3. A cet effet, le SIPPEREC a lancé un appel public à la concurrence, paru au Journal officiel de l'Union européenne le 23 juillet 2021 et au BOAMP le 22 juillet 2021 pour l'attribution, dans le cadre d'une procédure négociée, du lot n° 2 de la convention de délégation de service public. Trois sociétés se sont portées candidates, dont la société Altitude infrastructure Holding devenue la société ATH et la société Infra-Corp. Par courrier du 30 mars 2023, l'entité adjudicatrice a informé la société Altitude Infrastructure Holding que son offre était écartée pour irrégularité au motif qu'elle avait persisté à présenter une proposition de demande de subvention publique. Le lot n° 2 de la convention de délégation de service public a finalement été attribué à la société Infra-Corp.

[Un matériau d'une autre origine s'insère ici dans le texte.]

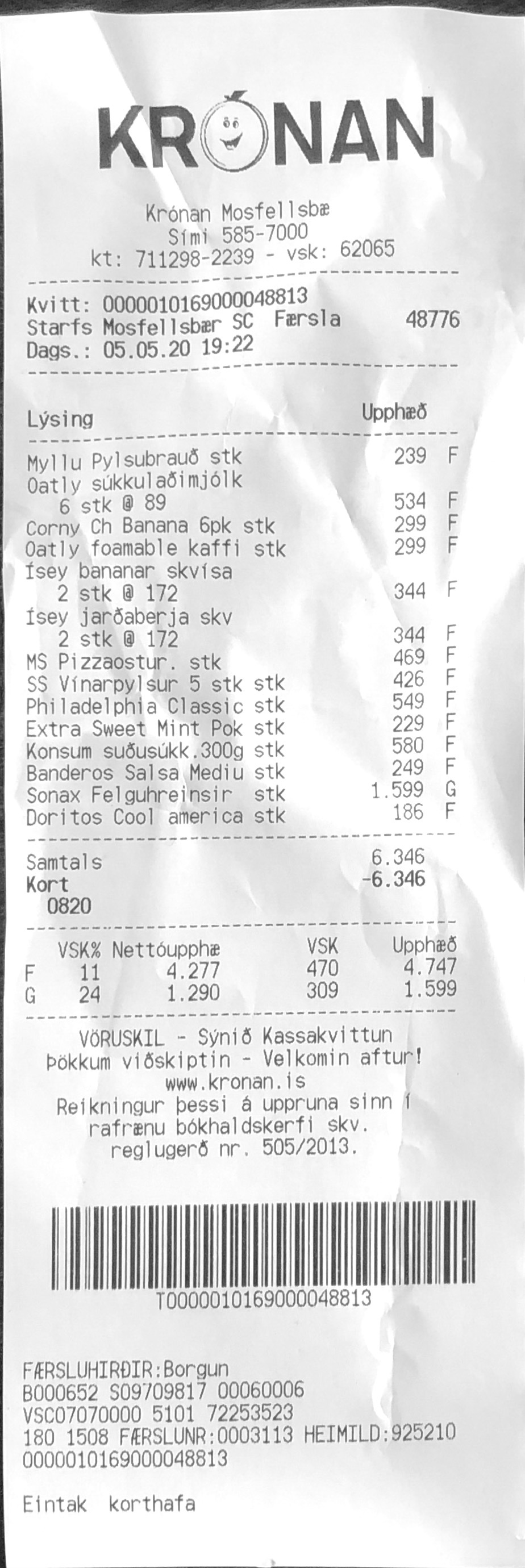 | 1 | Myllu pylsubrauð pk | Pylsubrauð | Myllan pylsubrauð 5stk 260g | 239 | 1 | 239 | ||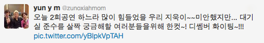 Nuestro Jiwookie que tuvo momentos difíciles debido a que hizo 2 presentaciones hoy~~ Incluso a pesar de que me siento apenada…tome una foto con Junsu en la sala de espera para todas/os que estaban curiosos~! ¡¡¡‘December’ fighting~!!!

La société ATH anciennement dénommée Altitude Infrastructure Holding demande au tribunal l'annulation de cette concession, ou à défaut, sa résiliation.

Sur les conclusions de la requête :

4. Par un mémoire, enregistré le 4 septembre 2024, la société ATH déclare se désister purement et simplement de sa requête. Rien ne s'oppose à ce qu'il en soit donné acte.

Sur les frais de l'instance :

5. Il y a lieu de faire application des dispositions de l'article L. 761-1 du code de justice administrative et de mettre à la charge de la société ATH le versement au SIPPEREC d'une somme de 1 500 euros, au titre des frais exposés et non compris dans les dépens.

6. Il y a également lieu de mettre à la charge de la société ATH la somme de 1 500 euros à verser à la société Qotico Infrastructure IDF, venant aux droits de la société Infra-Corp, au titre de ce même frais.

D E C I D E :

Article 1er : Il est donné acte du désistement de la société ATH.

Article 2 : La société ATH versera une somme de 1 500 (mille cinq cents) euros au SIPPEREC au titre de l'article L. 761-1 du code de justice administrative.

Article 3 : La société ATH versera une somme de 1 500 (mille cinq cents) euros à la société Qotico Infrastructure IDF au titre de l'article L. 761-1 du code de justice administrative.

Article 4 : Le présent jugement sera notifié à la société par action simplifiée ATH, au Syndicat intercommunal de la périphérie de Paris pour les énergies et les réseaux de communication (SIPPEREC) et à la société par action simplifiée Qotico Infrastructure IDF.

Délibéré après l'audience du 10 septembre 2024, à laquelle siégeaient :

M. Gracia, président,

Mme Merino, première conseillère,

Mme Renvoisé, première conseillère.

Rendu public par mise à disposition au greffe le 24 septembre 2024.

La rapporteure,

M. MERINO

Le président,

J-Ch. GRACIALa greffière,

C. YAHIAOUI

La République mande et ordonne à la ministre de la culture en ce qui la concerne ou à tous commissaires de justice à ce requis en ce qui concerne les voies de droit commun contre les parties privées, de pourvoir à l'exécution de la présente décision.